Sullivan offers a miniature profile of Alice Dreger, a former professor at Michigan State University, who responded to the stark reduction of news coverage of her home, East Lansing, by creating a community “news brigade” that grew into the nonprofit news site East Lansing Info. Here are some pieces of information revealed by ELI, through the work of more than 100 community volunteers:
- East Lansing had an undisclosed pension debt of $200 million.
- The East Lansing waste-water treatment plant mishandled a mercury spill at the plant.
- A retaining wall, built at public expense and with federal funds, had been benefiting the city attorney’s personal property.
- The city of East Lansing was selling off a piece of municipal property on eBay.
“People used to tell us, ‘There’s no there there, in East Lansing,’” Dreger tells Sullivan. ELI’s discoveries, however, suggest otherwise. And the existence of the site, Dreger says—its stories produced by city residents, and for them—has slowly changed public views of what news is, definitionally. “People didn’t see news as a service, they saw it as a product,” Dreger notes. Now they feel invested. That is a small, but crucial shift—for East Lansing, and potentially for other communities. During a time when Americans’ trust in national news is plummeting, their trust in local news is (relatively) high. And another crisis—a pandemic whose toll has varied greatly across American regions—has served as yet another reminder of how desperately important accurate local information can be, not just as a matter of civics, but also as a matter of public health.
Local news is extremely easy to take for granted. It is, by definition, narrow in its interests. But even beyond serving as the core of America’s news ecosystem, local news can be the glue that connects people in a given community. “It’s the way a local columnist can express a community’s frustration or triumph,” Sullivan writes, “the way the local music critic can review a concert, the deeply reported feature stories, the assessment of a new restaurant, the obituaries, the letters to the editor. The newspaper ties a region together, helps it make sense of itself.”

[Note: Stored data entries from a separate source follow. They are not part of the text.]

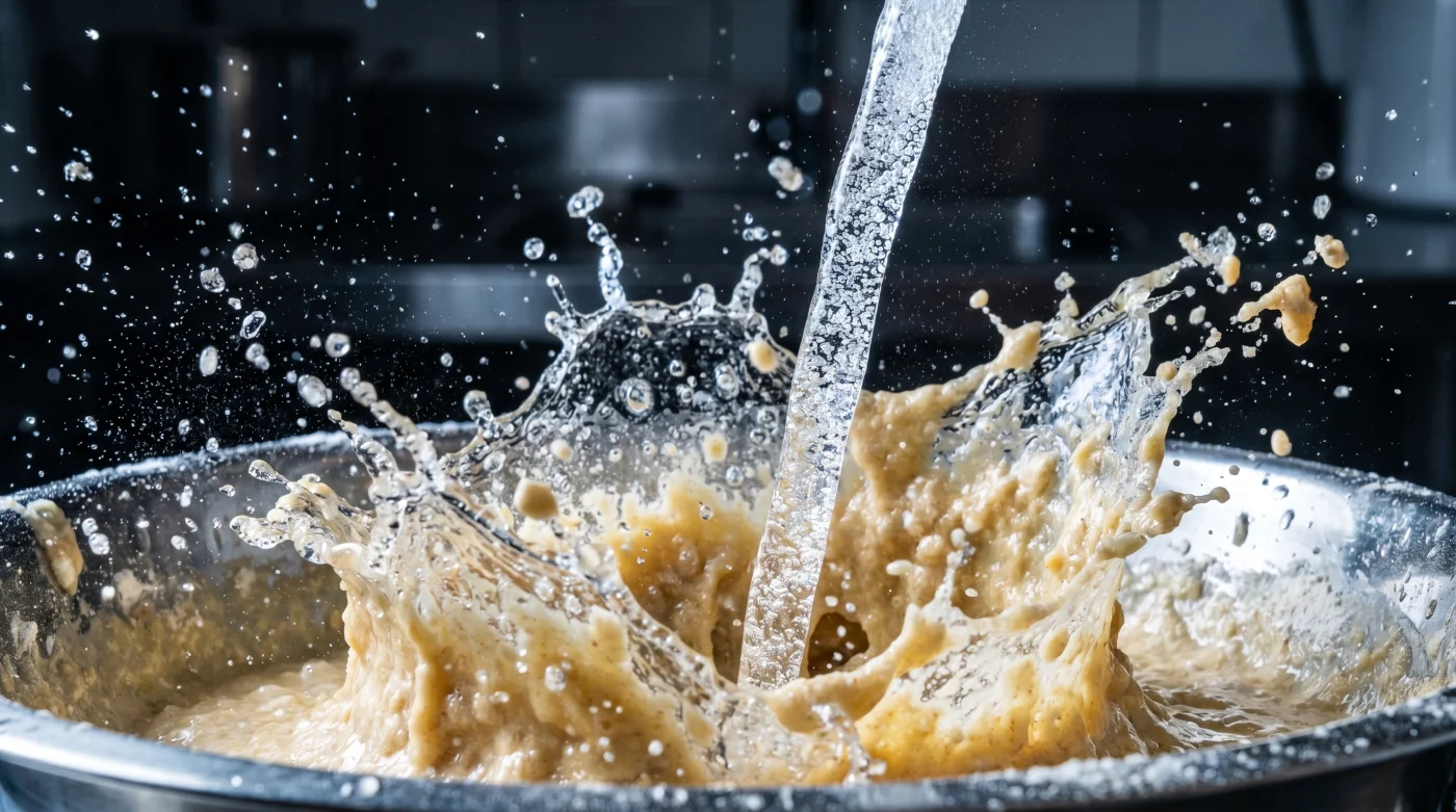 Här kommer den professionella hemligheten in i bilden. Det rör sig om en nästan fånigt enkel justering som vänder upp och ner på allt vi trodde vi visste om krispighet. Genom att byta ut en deciliter av mjölken mot iskallt mineralvatten ändrar du hela smetens fysiska struktur inifrån och ut.
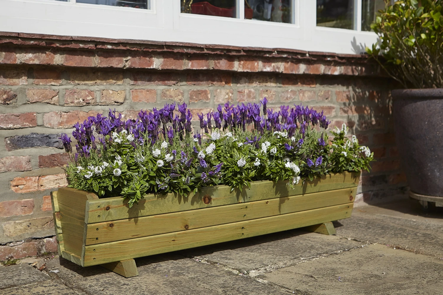 A charming wooden planter with rustic styling. Large enough for small shrubs or herbs. Brings colour to a garden or a patio.
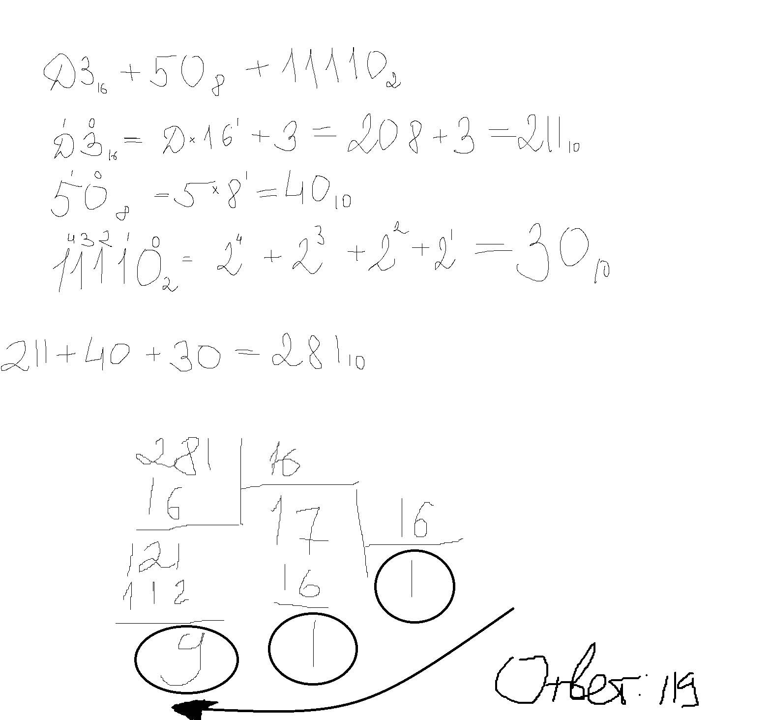 Найдите значение выражения . Ответ дайте в шестнадцатеричной системе счисления : D3(маленькие цифры внизу 16) + 50(маленькими цифрами 8) +11110(маленькими цифрами внизу 2)
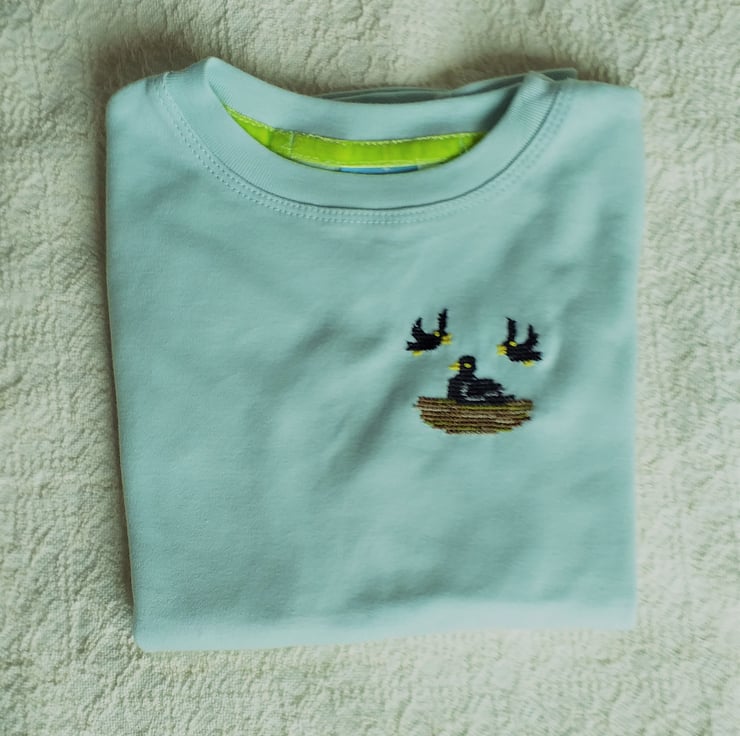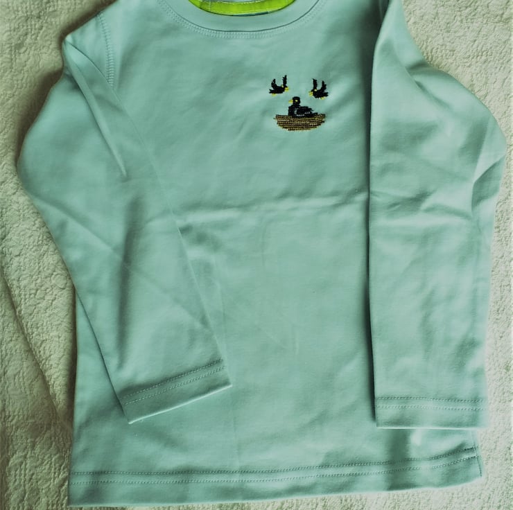 This is a lovely pale green, long sleeved T-shirt, for a 6 year old. On the left front I have hand embroidered a crow sitting on a mossy nest, with two other crows flying behind her, beaks wide. They must be cawing loudly. The shirt has a soft velvet band inside the back of the neck. It is 100% cotton and machine washable. Although the label says 'boy', I think the shirt is equally suitable for a girl.

And when the paper dies? When the news—hectic and loud and silly and messy and urgent and teeming with life—fades away? What then? The bonds that connect the people to their places will loosen. The facts that anchor citizens to their communities will dissolve. It will happen gradually until it happens suddenly. There will be time, until it’s too late. And when it’s all over, a country whose government is predicated on an informed citizenry will give way, finally, to its yawning ignorance of itself. An unmoored ship may stay afloat; it has nowhere to go, however, but away.